United States Ambassador to China
- In office July 30, 1981 – September 24, 1985
- President: Ronald Reagan
- Preceded by: Leonard Woodcock
- Succeeded by: Winston Lord

United States Ambassador to Pakistan
- In office June 4, 1977 – July 19, 1981
- President: Jimmy Carter Ronald Reagan
- Preceded by: Henry A. Byroade
- Succeeded by: Ronald I. Spiers

United States Ambassador to Ethiopia
- In office February 20, 1975 – July 6, 1976
- President: Gerald Ford
- Preceded by: Thomas W. McElhiney
- Succeeded by: Frederic L. Chapin

United States Ambassador to Burma
- In office September 10, 1968 – July 22, 1971
- President: Lyndon B. Johnson Richard M. Nixon
- Preceded by: Henry A. Byroade
- Succeeded by: Edwin W. Martin

13th Assistant Secretary of State for East Asian and Pacific Affairs
- In office July 12, 1976 – March 14, 1977
- Preceded by: Philip Habib
- Succeeded by: Richard Holbrooke

Personal details
- Born: June 1, 1920 Shanxi Province, China
- Died: February 6, 2001 (aged 80) Chevy Chase, Maryland
- Parents: Arthur W. Hummel Sr. (father); Ruth Bookwalter Hummel (mother);
- Occupation: Diplomat

= Arthur W. Hummel Jr. =

American diplomat (1920–2001)

Arthur William Hummel Jr. (恒安石 (Héng Ānshí); birth name Arthur Millbourne Hummel; June 1, 1920 – February 6, 2001) was a United States diplomat.

==Early life==
He was born in Fenzhou, Shanxi, China, to Christian missionaries Arthur W. Hummel Sr. (1884–1975) and Ruth Bookwalter Hummel.

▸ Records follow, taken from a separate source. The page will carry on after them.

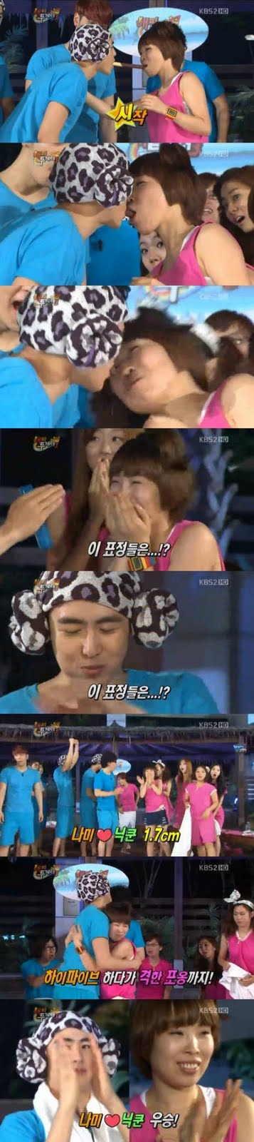 On the August 4 episode of KBS’s variety show Happy Together Series 3, the invited guests included 2PM, After School, Dalshabet, and comedian Oh Nami. They were paired up to play a “Pe Pe Ro game,” a well-known romantic game in Korea: Two members of each team hold a piece of Pe Pe Ro, a thin chocolate bar, in their mouths and then approach each other as close as they can.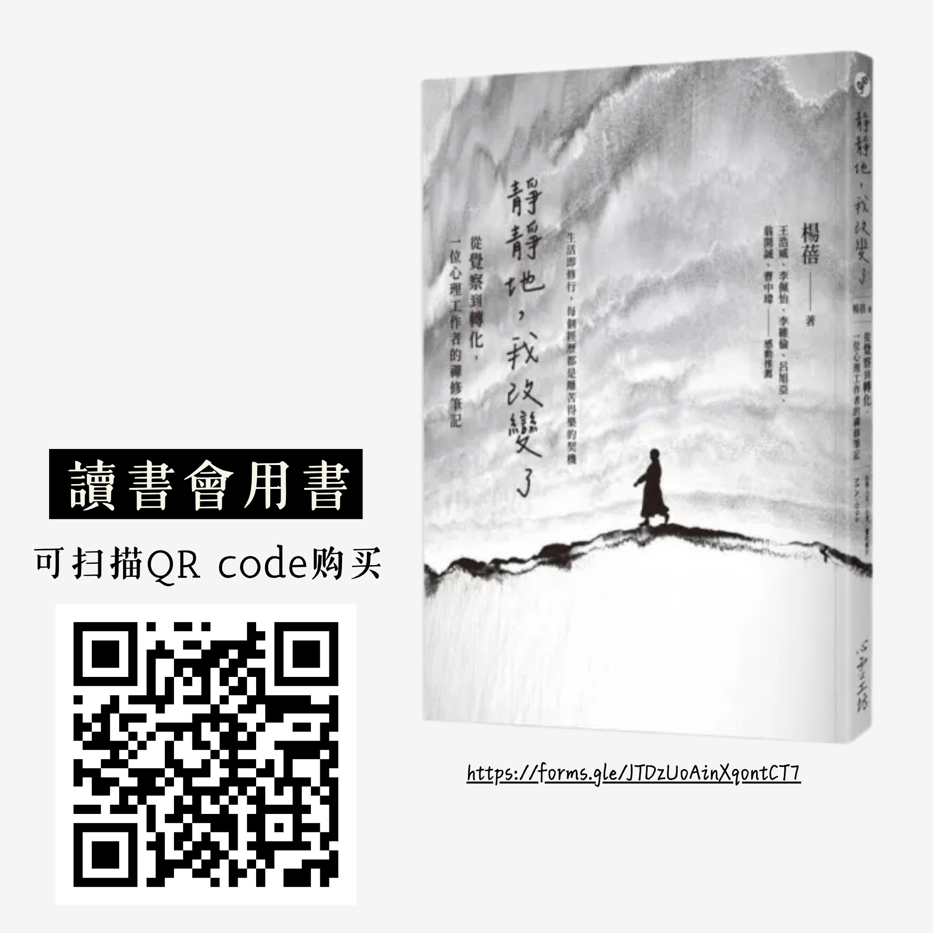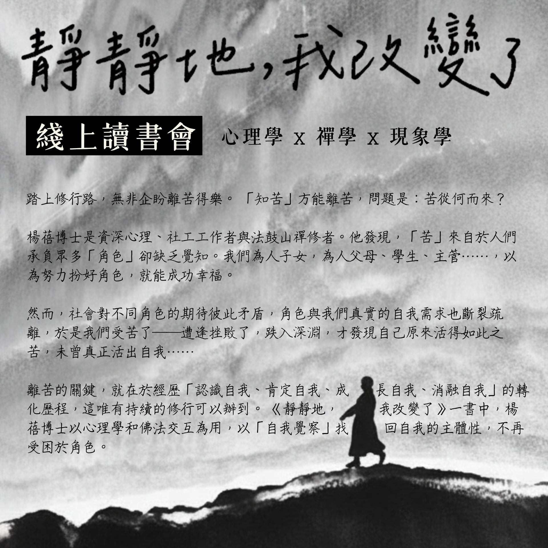 本次读书会将会依照《静静地,我改变了:从觉察到转化,一位心理工作者的禅修笔记》书中各章节的内容分段阅读与学习,学习安排如下: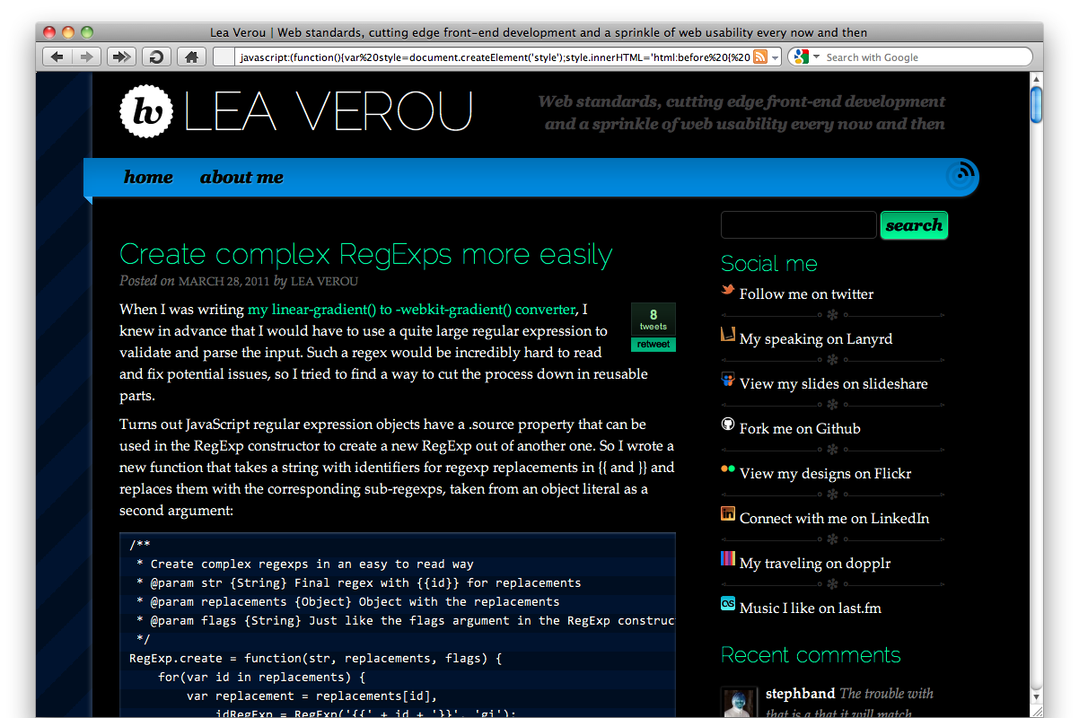 I recently saw Paul Irish’s jQuery invert page plugin. It inverts every color on a webpage including images or CSS. This reminded me of the invert color keyword that’s allowed on outlines (and sadly only supported by Opera and IE9+). So I wondered how it could be exploited to achieve the same effect through CSS alone. Turned out to be quite simple actually: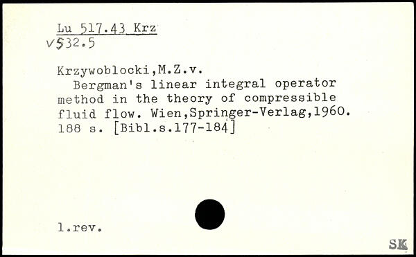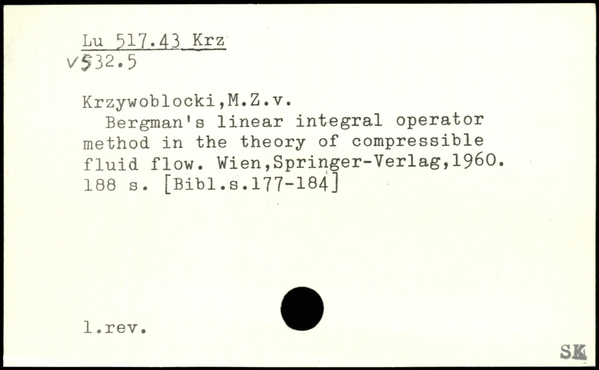 Bergman's linear integral operator method in the theory of compressible fluid flow.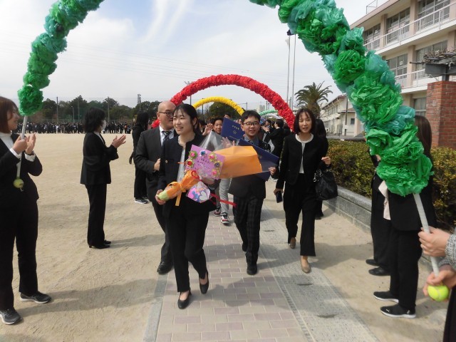 式後、各クラスでの楽しいひと時を過ごし、50周年式典で作製した「ロードトゥー大利」を通りながら花のアーチをくぐりました。

His family moved to Beijing when he was 4. In 1927, when he was 7, the disruption and anti-foreign violence of the Northern Expedition forced his family to relocate to Massachusetts. When he was 8, his parents moved to Washington, D.C., where his father worked as Chief of the Orientalia Division at the Library of Congress. His parents sent him to Westtown School, a Quaker boarding school outside Philadelphia, for high school, where he graduated in 1938. He then attended Antioch College in Yellow Springs, Ohio, earning a B.A in 1940. In the same year, he then returned to Beijing to study at the California College of Chinese Studies and to study Chinese, since he had forgotten what he had learned as a child. He also taught English at the Catholic University of Peking.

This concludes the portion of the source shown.